**EXERCISE DIRECTIONS:**
Please give every record below again exactly, and keep the pictures out.
"""
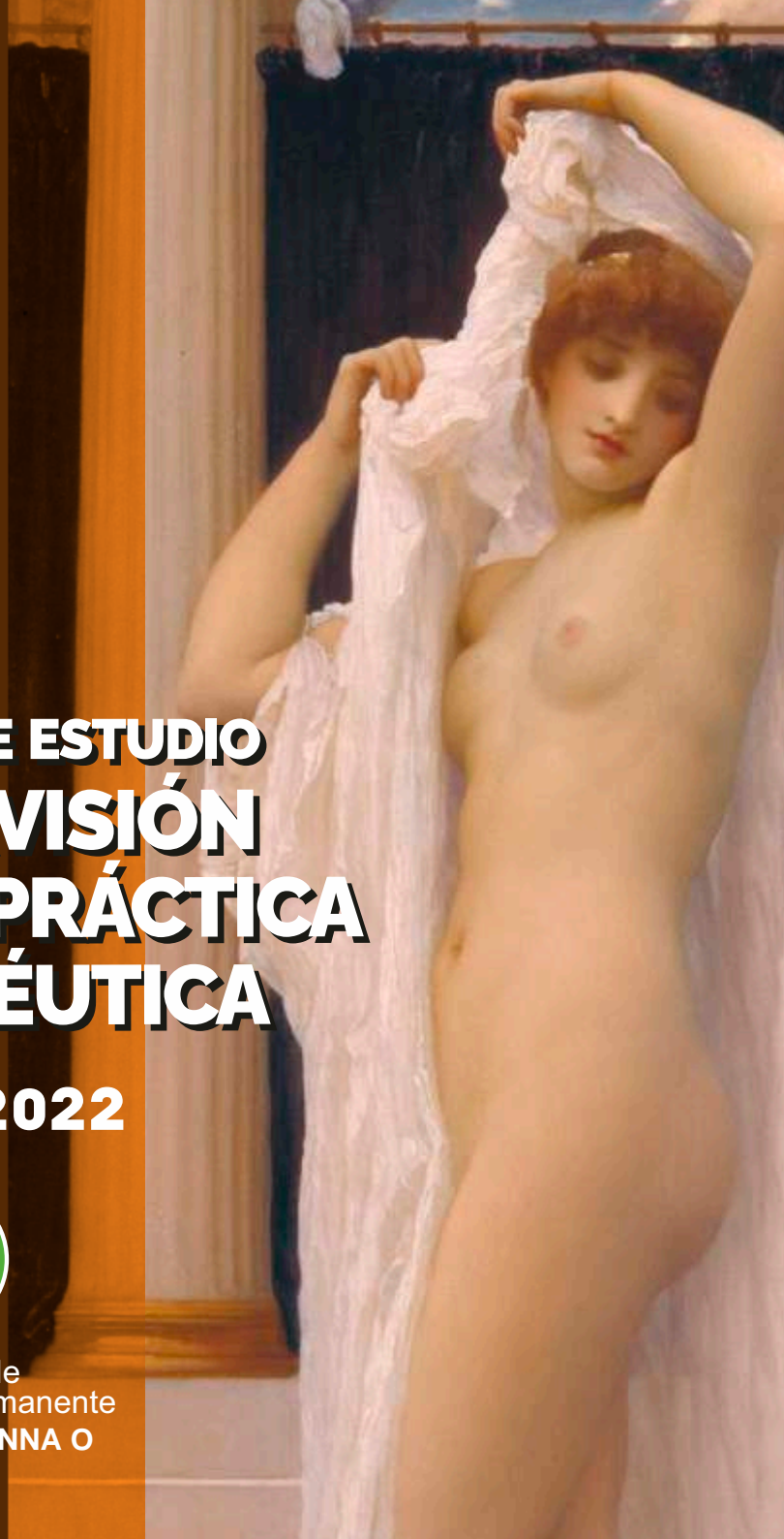
Imagen: El baño de Psique Frederic Leighton 1889

espacio de formación permanente fundación ANNA O
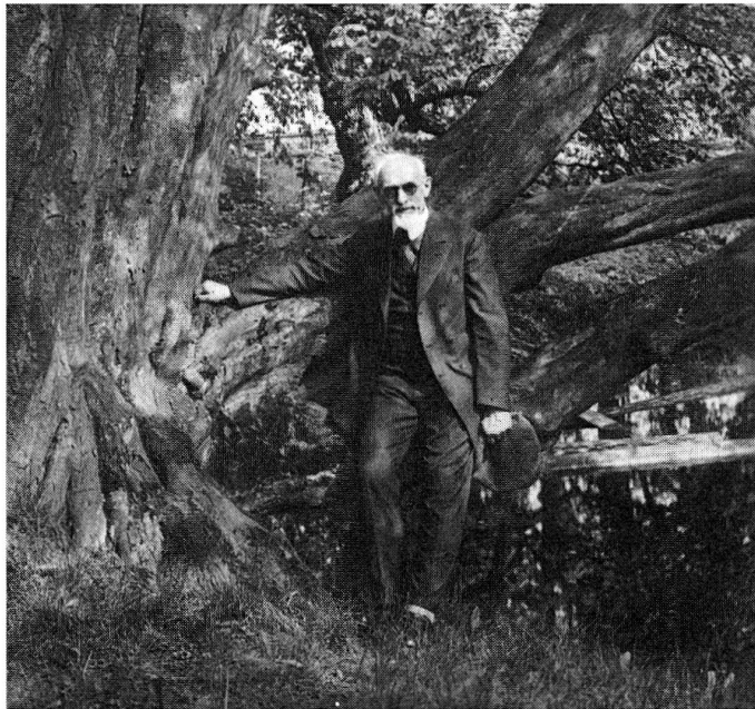
Paul Juon in Vevey
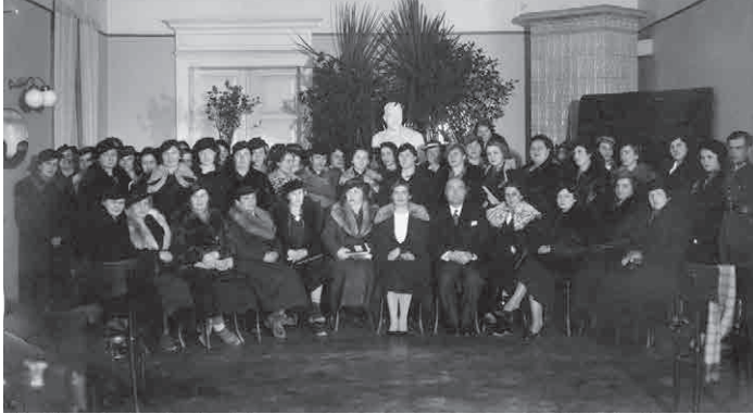
Zebranie Rodziny Wojskowej 12 pp ze starostą wadowickim z okazji rocznicy imienin komendanta w sali recepcyjnej Kasyna Oficerskiego 12 pp (marzec 1937)

w „Sprawozdaniach” Państwowego Gimnazjum im. Marcina Wadowity od r. 1926 odnotowywane są systematycznie informacje o obchodach imienin Marszałka, a po śmierci J. Piłsudskiego także w obchodach rocznicy jego zgonu. Sprawozdania szkolne odnotowują wreszcie pod datą 13 czerwca 1935 r. udział uczniów Gimnazjum w pokazie filmu z uroczystości żałobnych, a w październiku 1935 r. wycieczkę uczniów dla sypnia Kopca J. Piłsudskiego na Sowińcu w Krakowie. Informacje o obchodach rocznicy odzyskania niepodległości notowane są od 1920 r., a święta 3 maja od 1918 r.
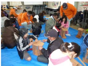
支えあい祭り (子どもの木工教室)
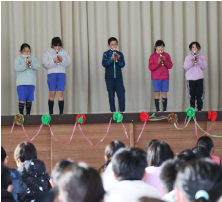
【 ↑ クリスマスステージの様子 】
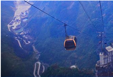
กระเช้าขึ้นเขเทียนเหมินซาน

https://hk.trip.com/hotels/guzhang-hotel-detail-68614854/chaxitai-holiday-hotel/
"""
**RESPONSE TO THE EXERCISE:**
Imagen: El baño de Psique Frederic Leighton 1889

espacio de formación permanente fundación ANNA O
Paul Juon in Vevey
Zebranie Rodziny Wojskowej 12 pp ze starostą wadowickim z okazji rocznicy imienin komendanta w sali recepcyjnej Kasyna Oficerskiego 12 pp (marzec 1937)

w „Sprawozdaniach” Państwowego Gimnazjum im. Marcina Wadowity od r. 1926 odnotowywane są systematycznie informacje o obchodach imienin Marszałka, a po śmierci J. Piłsudskiego także w obchodach rocznicy jego zgonu. Sprawozdania szkolne odnotowują wreszcie pod datą 13 czerwca 1935 r. udział uczniów Gimnazjum w pokazie filmu z uroczystości żałobnych, a w październiku 1935 r. wycieczkę uczniów dla sypnia Kopca J. Piłsudskiego na Sowińcu w Krakowie. Informacje o obchodach rocznicy odzyskania niepodległości notowane są od 1920 r., a święta 3 maja od 1918 r.
支えあい祭り (子どもの木工教室)
【 ↑ クリスマスステージの様子 】
กระเช้าขึ้นเขเทียนเหมินซาน

https://hk.trip.com/hotels/guzhang-hotel-detail-68614854/chaxitai-holiday-hotel/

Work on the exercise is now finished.